Week 5: Why Stress Matters

Q. How do I know if I’m stressed?
A. Even though you may feel like you “handle” stress well, your body may be telling you otherwise. Common symptoms are increased cravings, trouble sleeping, irritability, mood swings, menstrual abnormalities, acne, headaches, etc.

Q. I have kids, a new puppy or stressful job. How am I supposed to get enough sleep?
A. When we have out of control stressors we need to focus on what we can control. Create a bedtime routine with the whole family and be consistent about it, including the puppy. Make sure you get to bed by 10 pm whenever possible, and minimize all possible distractions in your room. Using things like earplugs, eye masks, black out shades, and setting the thermostat a few degrees cooler can make sure you are setting yourself up for a good nights sleep.

Q. I have trouble falling asleep and/or staying asleep. What can I do?
A. There are many reasons that either of these situations can occur. The most common are excess sugar and/or caffeine throughout the day and unmanaged, chronic stress. Make sure your breakfast and dinner are both balanced and contain enough protein. Cut off caffeine intake by noon, and try a few minutes of stretching or deep breathing before bed.

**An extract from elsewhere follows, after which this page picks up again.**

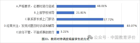 教师教育教学中面对“问题生”的实际问题,采取积极干预、家校协同等方式为主。对于调皮捣蛋、不守纪律或不爱学习的学生,83.07%的教师选择“经常关注,发现问题及时谈话和辅导”。这体现出多数教师秉持积极主动的教育态度,比较关注学生动态。57.72%的教师会选择“联系家长或上门家访”。表明超半数教师重视家校合作,认识到家庭在学生成长中的关键作用,通过协同制定教育策略,形成家校育人合力(见图33)。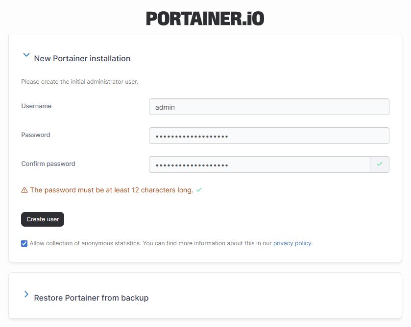 And vistit your new interface at https://<your_server_ip>:30779. It should ask you for a username and password for the administrator account. Once you filled it up, click on Create user.

Also, alcohol may help you fall asleep quicker, but it reduces the important restorative rapid eye movement (REM) sleep the second half of the night.

Q. Why is 7-9 hours of sleep the necessary amount of hours to get every night?
A. Every day our bodies are going through physical, mental and emotional stressors and in order to bounce back from these we need to rest and allow our bodies to recover during our natural circadian rhythm, which for most occurs between 10pm-6am.

Q. Why do I eat when I’m stressed?
A. Your body can respond to stress by relying on its “fight or flight” response. This response stimulates our adrenal glands to produce more cortisol, which in turn raises our blood sugar. This can lead to sugar cravings which is often why we “crave sugar” when we feel stress.